Червонец был пропит через полчаса.

Глубокую симпатию с дядиному стилю общения я храню.

Дядя умер через несколько лет.

Я купил шоколадный набор за шестнадцать рублей (дороже не нашел) и поехал к тете, его вдове, которую не видел десять лет.

Тетя стала суровой и даже величественной старухой.

– Никак Тихон, – сощурилась она. – Заходи. Никак в гости сподобился. Порадовал. А я думала, уж только на моих похоронах встретимся. В тебе крепки родственные связи.

Я был препровожден в комнату, картиночно чистую, словно вещи здесь век хранили раз навсегда определенное положение. Последовали наливка и типично родственный разговор, который легко представит каждый… Я не мог решиться. Конфеты лежали в портфеле.

Но незаметно переключились на дядю: его доброта, таланты… и я в самых благодарственных тонах прочувственно изложил ту давнюю историю. Тетка выслушала спокойно, тихо усмехнулась. И коробку конфет приняла как безусловно должное и приличествующее.

– Тетя Рая, – приступил я тогда. – Все собираемся, собираемся… Поймите правильно. Свербит у меня… Ерунда, – но… Поймите, мне просто очень хочется, возьмите у меня, пожалуйста, этот червонец.

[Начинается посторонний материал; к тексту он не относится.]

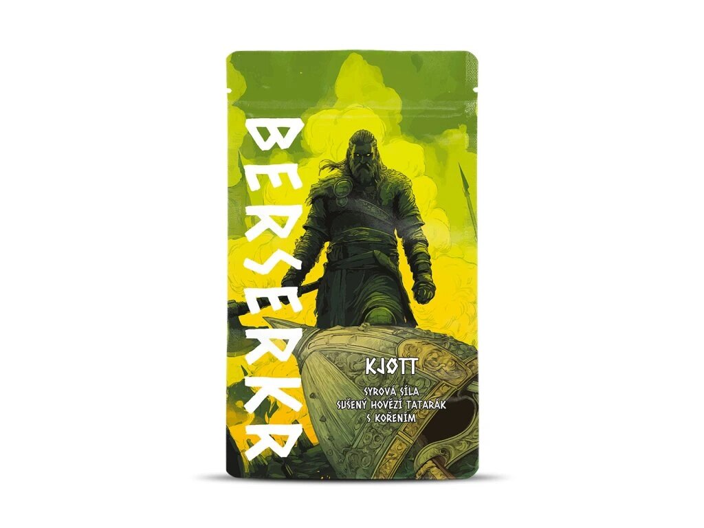 KJØTT Sušený tatarák Berserker je sušené hovädzie mäso (beef jerky) inšpirované chuťou klasického tataráku. Výrazný mäsový profil dopĺňa jemné korenie, ktoré vychádza z tradičnej receptúry a zachováva charakter známej chuti. Výsledkom je chuťovo výrazné jerky s plným mäsovým základom, ktoré ponúka alternatívu k bežným snackom. Vďaka sušeniu je mäso skladné a vhodné na cesty, do prírody i ako rýchla desiata počas dňa.

– Что ж, – она кивнула согласно. – Давай.

Мы распрощались друзьями. Я чувствовал, что следующее свидание теперь произойдет раньше ее похорон. Хотя уже в подъезде понял, что вряд ли…

Чуть-чуть – чуть-чуть продолжало свербить…

С десятирублевым букетом я поехал на кладбище.

Там березы гасли в пепельном небе, тени затягивали слабо расчищенные в снегу дорожки. Я долго искал дядину могилу. Найдя, снял шапку, опустил цветы на сумеречный снег.

– Такие дела, дядя, – сказал я. Закурил и надел шапку – холодно было. Постоял, подумал… – Может, не такое уж я животное, хоть и не общаюсь с родственниками. Дела, знаешь. Да и о чем разговаривать-то при встречах? А по обязанности – кому это нужно, верно?.. Но я помню все. Хороший ты был мужик. Ей-богу, хороший. Пускай тебе воздастся на том свете и за червонец тот, если таковой свет имеется. А я – вот он я…

То ли вечерний воздух кладбищенский, стоящий и чистый, пахнущий зимним простором, так действовал, то ли само пребывание в месте подобном, то ли просто собой я доволен был, – но уходил я с умиротворением.

На ночь я перечитал «Мост короля Людовика Святого». Когда-то я тоже хотел написать такую книгу.

8

"8 р. – Тамаре Ковязиной. (Нечем было срочно заплатить за телефон).

12.50 – Ваське Синюкову. (Моя доля за диван, подаренный на свадьбу Витьке Гулину).

4 р. – Виталику Мознаиму. (За что?..).

7 р. – Егору Карманову. (Не хватило на билет из Сыктывкара. И обещал прислать блесны и леску).

3 р. – Володе Зиме. (Пивбар).

11 р. – Б.Кожевникову. (Покер.)

10 р. – Томке Смирновой. (Новый год.)

40 р. – Витьке Андрееву. (Снятая комната, два месяца.)

8 р. – Дмитриевым. (Шарф.)

8.12. Бате (Горшкову). (Пари.)

4.42 – Боре Тихонову. (Пари.)

5 р. – Игорю Гомозову. (Оставался без копейки.)

Володе Подвигину – списаться – Барнаул – обещал прислать парик.

Кабак – Королеву; Флеровой. Бутылка – Цыпину;

9

Человек с возрастом определяется, твердеет, исчезает внутренняя коммуникабельность, новых друзей нет, старые удерживаются памятью юности а при встрече вдруг вместо симпатяги и умницы натыкаешься на полную заурядность: «где были мои глаза?..»

Старая истина открылась мне не сейчас; а не сентиментален. Я платил по счетам. Червячок постепенно рассасывался, как бы превращаясь в невесомую взвесь, сообщавшую дополнительную прочность веществу души. Но проявилось маленькое черное пятнышко, а как ядро в протоплазме, оно выделялось все отчетливее.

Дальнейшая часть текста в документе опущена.